Is running good for you?

Here at Technique we see a lot of you Londoners that enjoy running or have decided to take up running in an attempt to complete a Marathon for charity. I have the utmost respect for you, I whole-heartedly believe in the benefits of running, although it’s not for everyone!

Running-in-a-dream

So here are the positives of running, there are a few…..

  • It’s free

All you need is a pair of (semi-decent) trainers; Runners Need provide an exceptional free service that gets people the right running trainers for their running requirements.

  • It burns double the calories that lower impact activities such as steady state cycling and X-trainer

Studies have shown that regular road running burns more calories, when compared to cycling or X-training for the same length of time.

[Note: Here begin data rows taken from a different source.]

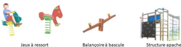
Jeux à ressort Balançoire à bascule Structure apache
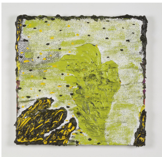
Little Richard Painting, 2006 Olieverf, acryl en potlood op linnen 60 x 60 cm

In 1989 exposeerde hij voor het eerst in het Joods Historisch Museum. Daar maakte hij een indrukwekkende loofhut die bestond uit zeven, aan beide zijden beschilderde panelen. Zijn werk bevindt zich ondermeer in de collectie van het Stedelijk Museum in Amsterdam, het Joods Historisch Museum en de Akzo Nobel Art Foundation. Voor het nieuwe kindermuseum van het Joods Historisch Museum maakte hij recentelijk drie grote voorzetramen met als uitgangspunt de Kabbalistische Levensboom met de tien Sefirot.
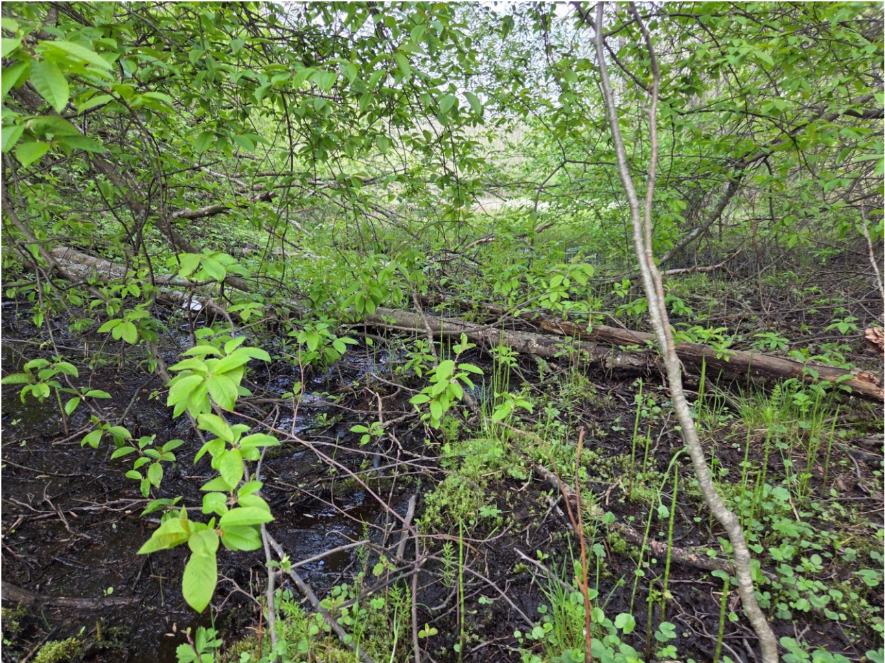
Figur 6: Fuktig skog med skjul og jaktområder for amfibier.
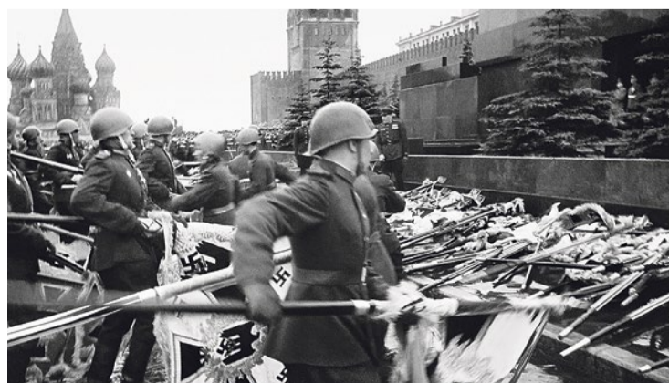
Низвержение фашистских штандартов к подножию мавзолея В. И. Ленина

Первый российский парад прошел в 1995 году и был реконструкцией исторического парада 1945 года, наземную часть парада дополнил строй из 79 самолетов и вертолетов.
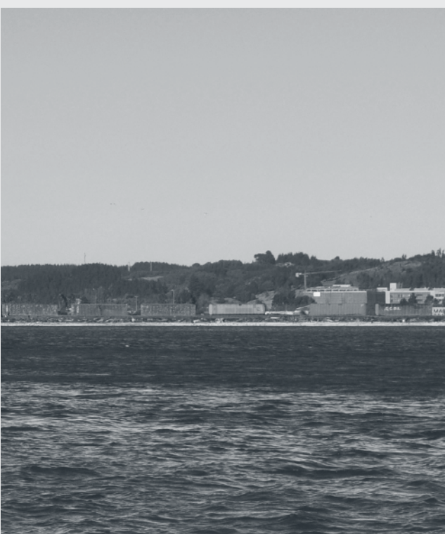
Talcahuano. Abril de 2010.
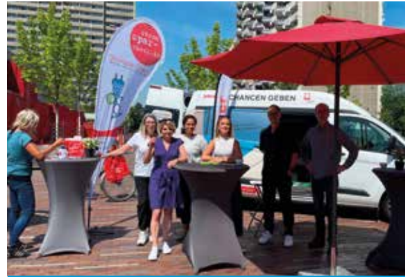
„Chancen geben“ für Langzeitarbeitslose in Chorweiler

// Nikola Plettenstein/Öffentlichkeitsarbeit
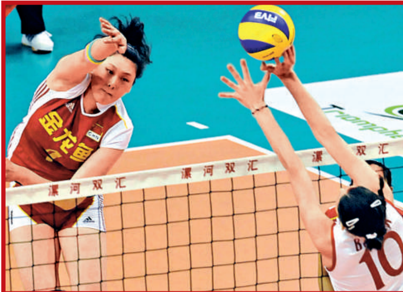
中國女排王一梅(左)在比賽中扣球
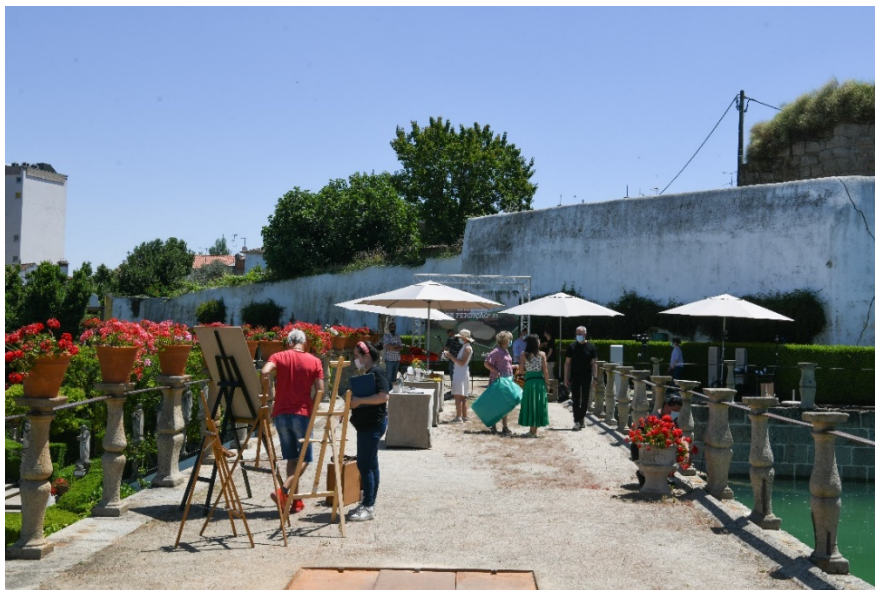
Figura 20 - Espaço onde decorreu o programa “Sabores de Perdição 2021”
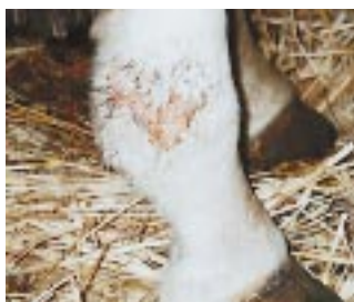
Mauke an Fesselkopf

SkinGuard fluid vermag auch das in der warmen Jahreshälfte auftretende Sommerexzem zu heilen. Hier schätzen die Pferdebesitzer die vollkommen unschädliche, aber verlässliche Wirkung der Salbe.
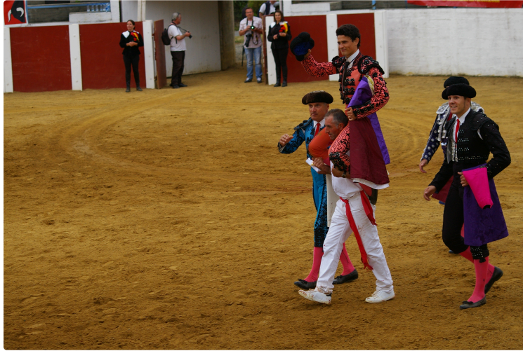
Novillada Concours de Castelnau : Gers trois Landes deux

C'était une des plus belles depuis la création
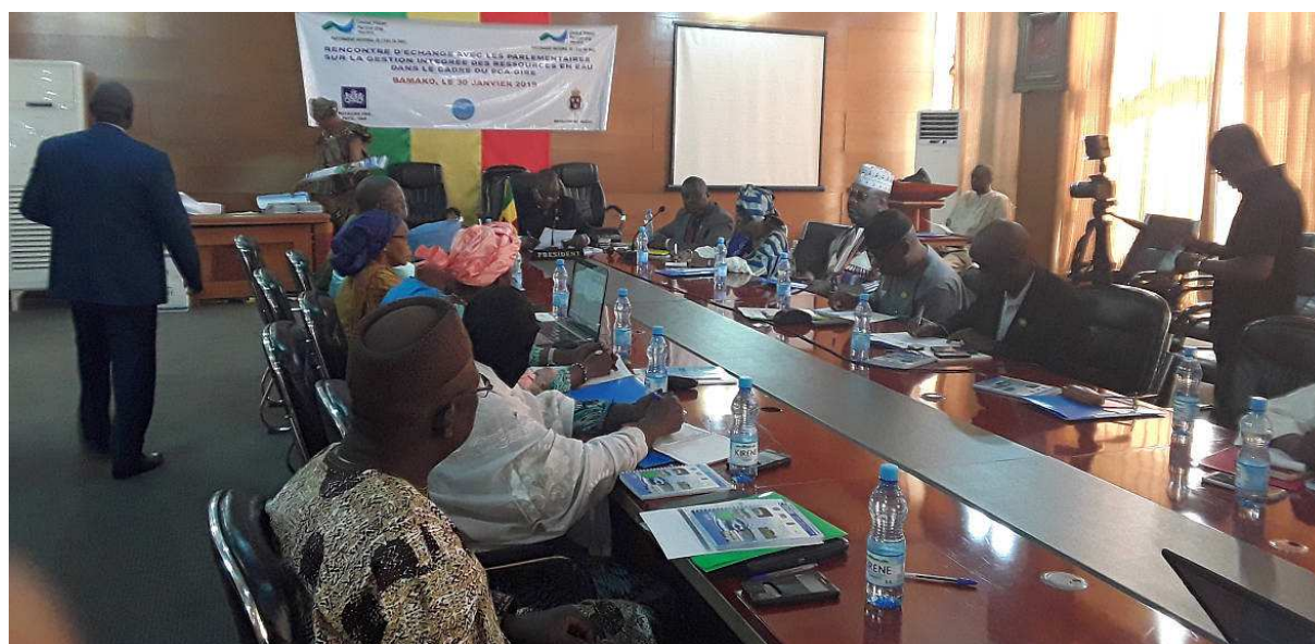
Atelier d'échanges avec les parlementaires maliens par le PNE Mali
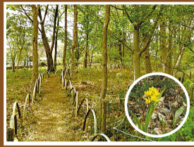
若返った林とキンラン

木々には若葉が萌え、 林床にはキンラン・ ギンラン・ヒトリシズカ などの雑木林の花も 姿を見せます
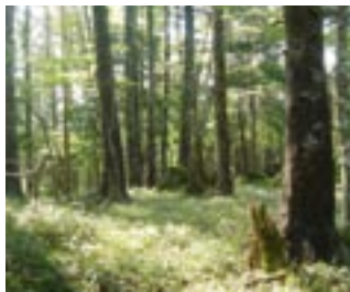
東大台（トウヒ林） 近畿地方では希少なトウヒやウラジロモミが優先する亜高山性針葉樹林やブナが優先する冷温帯性広葉樹林がまとまって残っている
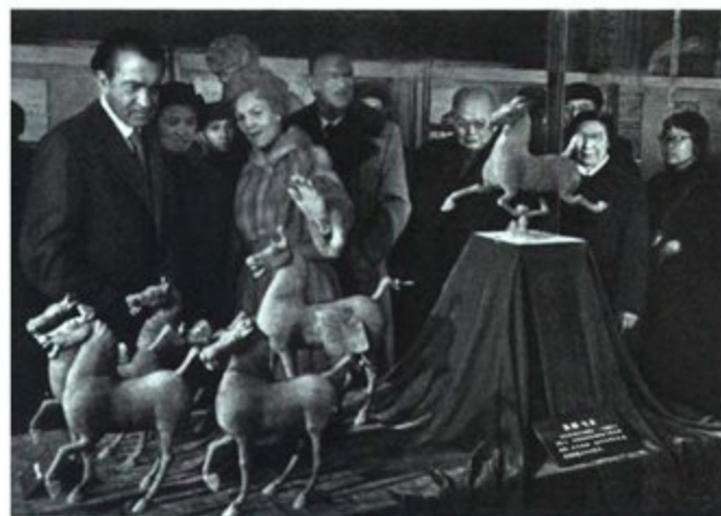
尼克松总统和夫人一行，参观在无产阶级文化大革命期间出土的历史文物。
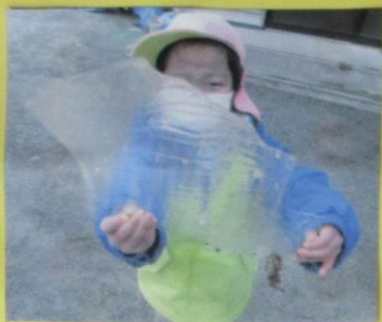
おおきい こおりを みつけたよ!!

  • It strengthens bones, joints and tissues

Impact protects against the effects of ageing, osteoporosis is a very real risk to long-term health in the ageing population, adequate impact activities from an early age help to prevent against bone thinning later in life.

….and the negatives…..

  • Body weight is multiplied by approximately 2.5 times our body weight when running, so if you are ‘heavy boned’* then going from no running to running 3-4 times per week may be a recipe for injury.

Therefore a good loading strategy is important, a 6-week program of low impact CV involving a mix of leg strength and spinning 3-4 times per week, followed by a 6-week transition program will be ideal, this allows your joints and tissues to accustom to the increased load you are asking them to deal with. It will also allow you to strip down any excess body mass (whether it be muscle or fat) resulting in an overall decreased load being placed on your weight bearing joints.

So if you are looking to train for a Marathon this year you may need an additional 12 weeks on top of the planned marathon training program you already anticipated, so factor this in and be prepared to start earlier than everybody else.

* Heavy boned is not our way of labelling people as overweight, although BMI is not an ideal way of measuring general health, it will tell someone whether they should start with a low impact program before moving onto a running program. Any one with a BMI over 27.5 should consider a low impact first before moving onto the running phase of building up to a marathon.